Ministries: the land project would work with many ministries that cover land, although the very problem with land administration is fragmentation of responsibility.
President Gotabaya Rajapaksa has repeatedly indicated that the need for a “citizen centric digital government,” and the Information and Communication Technology Agency (ICTA) is well-positioned to lead efforts to make us a technology-based society, including programmes to digitize land records. That would reduce fraud and also reduce the time taken to complete land transactions. Pathfinder Foundation proposes that the MCC-funded land component is brought under the purview of ICTA.
The “Millennium Challenge Account” (MCA): The MCC implementation must be carried out by Sri Lankans and providing only observer status to officials of the donor agency. Of course, the Pathfinder Foundation found that almost all other previous USAID projects were mainly managed by U.S. contractors and were not overseen or managed by the Sri Lankan Government. In fact, USAID procurement guidelines are used for all tenders, payments are made directly to contractors and not to the government, and USAID approval of all major actions is required. In that sense, even the proposed implementation method under MCC is an improvement in localizing the management of the development assistance. But currently, it will be a “company limited by guarantee.” Why would we have a company to implement this grant? Pathfinder Foundation recommends that the government should decide what form the MCC implementation structure will take, whether it’s a trust, a non-profit, or under a government ministry.
Legal due diligence: Pathfinder would like to repeat that the Government must employee legal experts of the highest calibre to ensure that the MCC agreement, for that matter any agreement with foreign countries or institutions is well scrutinized to ensure that Sri Lanka’s national interests are not compromised. Any provisions that would harm the country’s independence, sovereignty, and national security must be excluded.

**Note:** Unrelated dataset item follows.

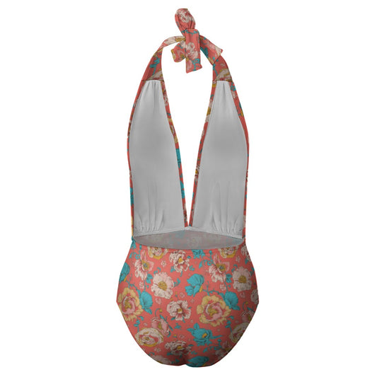Vampire Art Retro Floral Romance Halter Plunge One-Piece Swimsuit - Coral with Blue
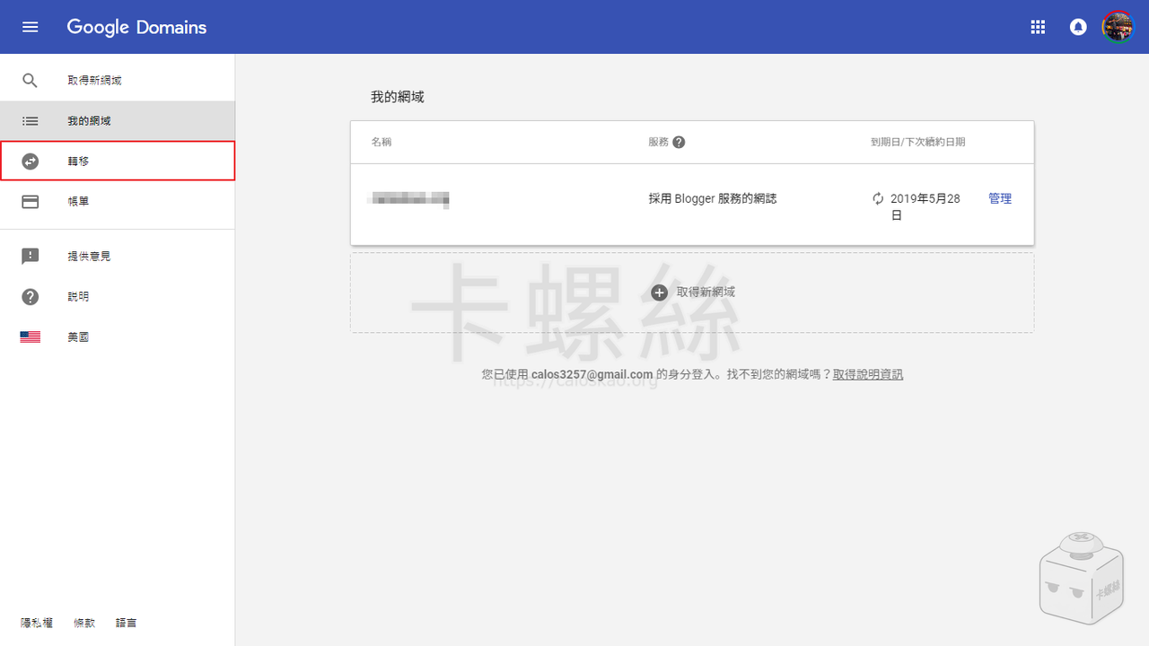結帳完成後會收到一封 Google Domain 的通知信,點選信中的連結後會開啟一份說明,直接捲到底,點選「轉移」。

With regard to acceptance or rejection of any offer of grants, we should not throw out the baby but only the dirty bathwater. Let us hope that the Government will explore the possibility of negotiating the Compact to produce a favourable outcome and give a strong signal to the world that Sri Lanka, under the new administration, is in business.
We Sri Lankans, including the political leadership, should come to terms with the fact that we cannot afford antagonistic relations with any major power, whether it is America, China, Europe or even India. On the other hand, we must manage our relationships with major powers with conflicting interest following the advice of late Chairman Mao on correct handling of contradictions to the advantage of Sri Lanka.
(This is the submission made by the writer Luxman Siriwardena, Executive Director of the Pathfinder Foundation, to the Cabinet appointed Committee chaired by Prof. Lalithasiri Gunaruwan and comprising Nalaka Jayaweera, Dr. D S Jayaweera and Nihal Jayawardhana on 4th March 2020 at the Prime Minister’s Office, Colombo 7.)